Requirement
Copy from the first line below down to and including the line with "Illustrating a narrative". Skip the pictures.

Items from a dataset:
+++

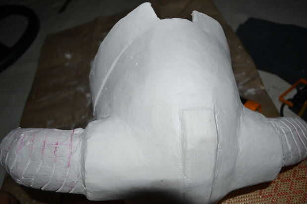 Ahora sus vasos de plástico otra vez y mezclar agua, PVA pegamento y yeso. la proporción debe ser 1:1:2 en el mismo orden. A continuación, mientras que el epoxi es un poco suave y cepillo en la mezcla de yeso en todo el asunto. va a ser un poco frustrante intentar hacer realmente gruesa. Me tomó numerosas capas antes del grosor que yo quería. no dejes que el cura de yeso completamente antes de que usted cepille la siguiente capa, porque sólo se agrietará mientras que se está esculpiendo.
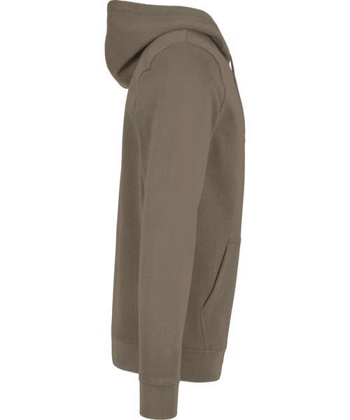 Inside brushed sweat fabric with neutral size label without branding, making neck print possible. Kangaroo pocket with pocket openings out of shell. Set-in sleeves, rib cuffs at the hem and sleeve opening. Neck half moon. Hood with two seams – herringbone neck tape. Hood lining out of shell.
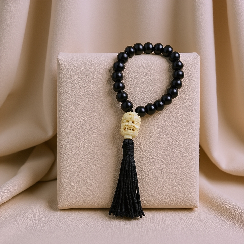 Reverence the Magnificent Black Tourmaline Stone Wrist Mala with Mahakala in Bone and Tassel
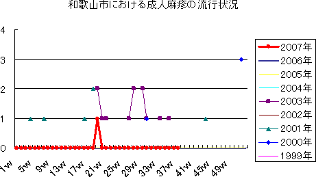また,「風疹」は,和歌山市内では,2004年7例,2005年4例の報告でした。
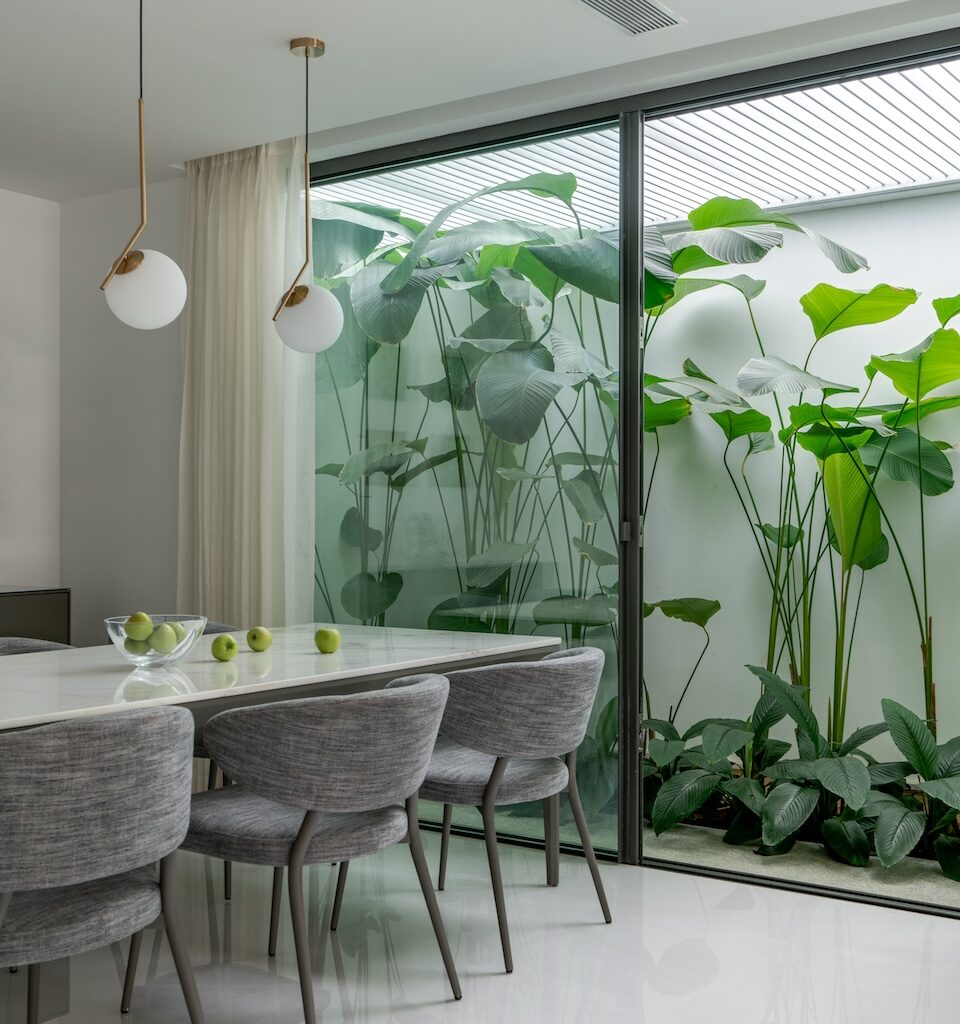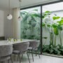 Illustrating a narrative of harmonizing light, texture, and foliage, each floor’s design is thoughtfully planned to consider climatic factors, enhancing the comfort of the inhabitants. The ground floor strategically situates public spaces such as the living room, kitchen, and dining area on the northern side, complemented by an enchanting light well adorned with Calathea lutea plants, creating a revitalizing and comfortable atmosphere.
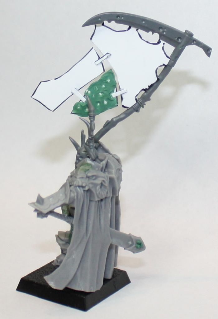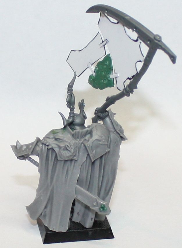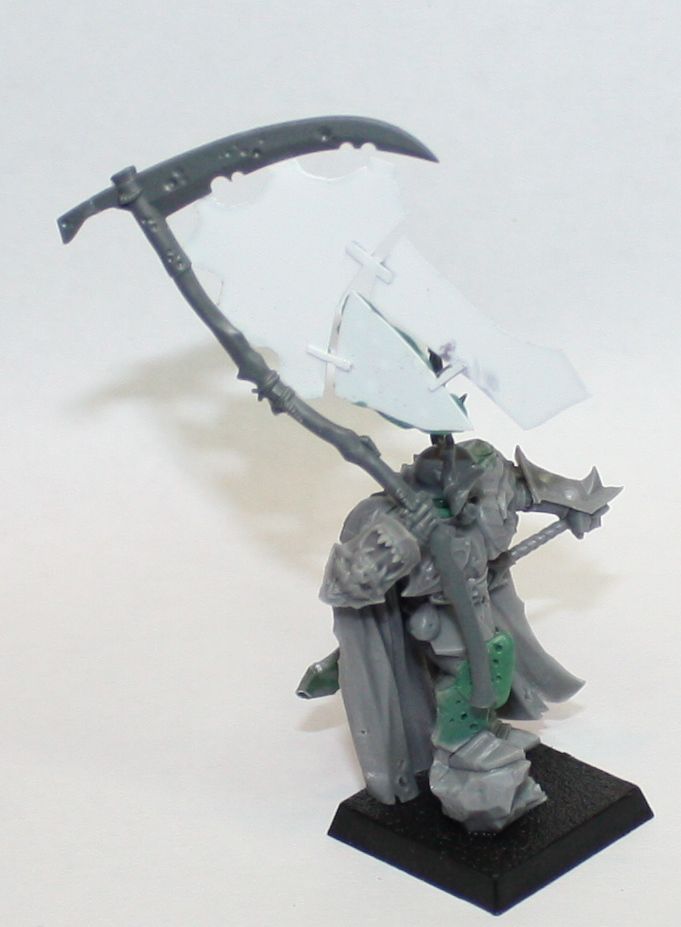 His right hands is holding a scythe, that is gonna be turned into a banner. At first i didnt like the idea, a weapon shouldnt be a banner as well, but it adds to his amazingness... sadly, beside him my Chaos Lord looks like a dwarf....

+++

Your response
 Ahora sus vasos de plástico otra vez y mezclar agua, PVA pegamento y yeso. la proporción debe ser 1:1:2 en el mismo orden. A continuación, mientras que el epoxi es un poco suave y cepillo en la mezcla de yeso en todo el asunto. va a ser un poco frustrante intentar hacer realmente gruesa. Me tomó numerosas capas antes del grosor que yo quería. no dejes que el cura de yeso completamente antes de que usted cepille la siguiente capa, porque sólo se agrietará mientras que se está esculpiendo.
 Inside brushed sweat fabric with neutral size label without branding, making neck print possible. Kangaroo pocket with pocket openings out of shell. Set-in sleeves, rib cuffs at the hem and sleeve opening. Neck half moon. Hood with two seams – herringbone neck tape. Hood lining out of shell.
 Reverence the Magnificent Black Tourmaline Stone Wrist Mala with Mahakala in Bone and Tassel
また,「風疹」は,和歌山市内では,2004年7例,2005年4例の報告でした。
 Illustrating a narrative of harmonizing light, texture, and foliage, each floor’s design is thoughtfully planned to consider climatic factors, enhancing the comfort of the inhabitants. The ground floor strategically situates public spaces such as the living room, kitchen, and dining area on the northern side, complemented by an enchanting light well adorned with Calathea lutea plants, creating a revitalizing and comfortable atmosphere.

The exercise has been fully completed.